Oklahoma Supreme Court Case

In Scioto Insurance Co. v. Oklahoma Tax Commission, the Oklahoma Supreme Court held that Oklahoma could not impose its corporate income tax on Scioto Insurance Company as a result of Scioto’s licensing of its intellectual property to a related party.4 Scioto was organized as an insurance company under the laws of Vermont. It licensed intellectual property to an affiliate, Wendy’s International Inc., under an agreement that was executed outside Oklahoma. Wendy’s International then sublicensed the intellectual property to Wendy’s restaurants, including restaurants in Oklahoma. Scioto “ha[d] no say where a Wendy’s restaurant [would] be located, including Oklahoma.” The amount of money Scioto received from Wendy’s International for use of the intellectual property was “based on a percentage of the gross sales of the Wendy’s restaurants in Oklahoma.” Wendy’s International’s obligation to pay Scioto was “not dependent upon the Oklahoma restaurants actually paying Wendy’s International.”

The Oklahoma court held that “due process is offended by Oklahoma’s attempt to tax an out-of-state corporation that has no contact with Oklahoma other than receiving payments from an Oklahoma taxpayer . . . who has a bona fide obligation to do so under a contract not made in Oklahoma.” The court found no “basis for Oklahoma to tax the value received by Scioto from Wendy’s International under a licensing contract . . . no part of which was to be performed in Oklahoma.”

West Virginia Court Ruling

Similarly, in Griffith v. ConAgra Brands, Inc., the Supreme Court of Appeals of West Virginia held that the Due Process Clause prohibited the imposition of tax on ConAgra Brands Inc.5 ConAgra licensed intellectual property to related and unrelated licensees that manufactured products bearing the intellectual property, some of which products were eventually sold in West Virginia. ConAgra did not itself manufacture or sell products that bore the intellectual property. All those products were manufactured by ConAgra’s licensees in facilities located outside West Virginia.
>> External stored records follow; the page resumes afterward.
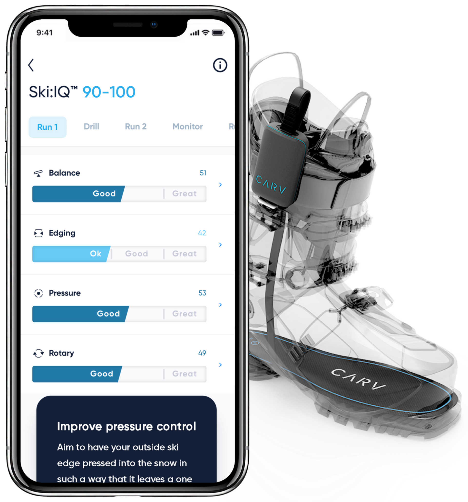 Focus on gradually building pressure on the outside ski right at the start of the turn, and your Carv pressure score will improve.
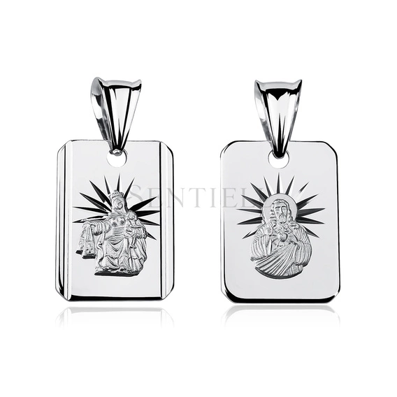 Dwustronny medalik wykonany ze srebra próby 925, o wymiarach 28 x 14 mm, w formie prostokątnej z delikatnie zaokrąglonymi narożnikami i wyraźnie zaznaczonym profilem krawędzi. Awers przedstawia wizerunek Matki Boskiej Szkaplerznej w wypukłym reliefie, osadzony na gładkim tle z promienistym motywem uzyskanym poprzez diamentowanie. Rewers ukazuje wizerunek Jezusa z Najświętszym Sercem, również wykonany w reliefie, z analogicznym układem promienistych nacięć w tle. Cała powierzchnia medalika została rodowana, co nadaje jednolite, srebrzyste wykończenie i podkreśla detale obydwu przedstawień.
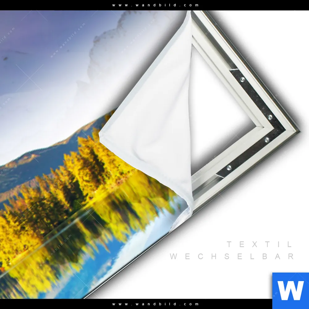 Wechselbild mit Flachkeder-Technik inkl. Aluminium-Textilrahmen
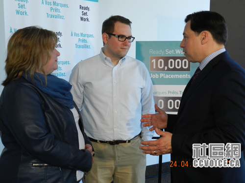4月24日,安省教育厅长Brad Duguid(Minister of Training, Colleges & Universities)与本地MPP John Milloy,前往Kitchener IT企业MappedIn召开新闻发布会,向公众通报Youth Jobs Strategy项目的进展及其意义。自去年9月实施,在KW地区,Youth Jobs Strategy项目已经帮助172名具有多重障碍找工的年轻人(15至29岁)成功找到雇主,提供至少4至6个月的职位。在全省范围内,资助的年轻人已经达到10,706,完全按预定计划,在两年内耗资2.95亿,为安省25,000名年轻人提供工作机会。John Milloy对本地雇主,包括新闻发布会所在地MappedIn雇佣年轻人表示谢意,他相信这是创建美好未来,提升安省经济的重要举措。而MappedIn执行总裁Hongwei Liu也感谢政府对于公司拓展的支持,目前员工数量已经达到16人,期待大的发展。新闻发布会之后,厅长Duguid观看了MappedIn的产品展示。
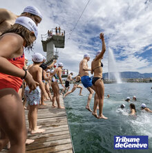 «Pour les rivières, un, deux, trois», lance Julia Nerfin, responsable de la communauté des bénévoles du WWF, afin d’encourager les dizaines de personnes présentes à se jeter dans le lac aux Bains des Pâquis.
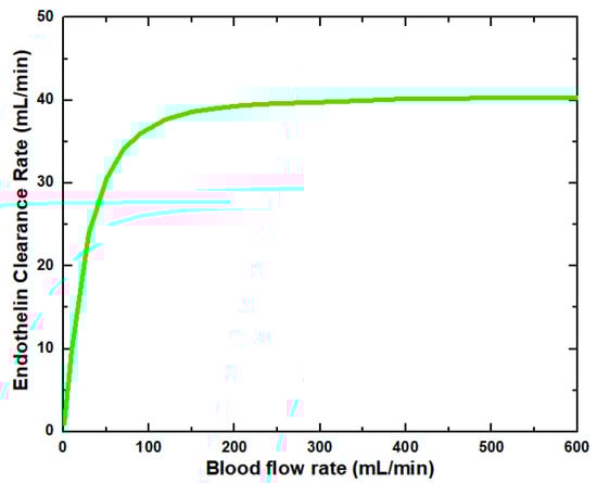 Endothelin clearance rate at various blood flow rates.

Some ConAgra licensees sold or distributed products bearing the intellectual property to wholesalers and retailers located in West Virginia, and those licensees provided services in West Virginia to clients and customers. Notably, products that bore the ConAgra intellectual property were “found in many, if not in most, retail grocery stores in” West Virginia. However, ConAgra Brands did not direct or dictate the licensees’ distribution of products bearing the intellectual property and did not provide services to the wholesalers and retailers located in West Virginia. ConAgra centrally managed and provided for uniformity in brand image and brand presentation for its intellectual property. It paid the expenses for defending its intellectual property and national marketing. ConAgra would have brought legal actions to protect its intellectual property rights exclusively in federal courts under federal laws that protect intellectual property even if those actions “ar[ose], entirely or in part, from conduct occurring in West Virginia.”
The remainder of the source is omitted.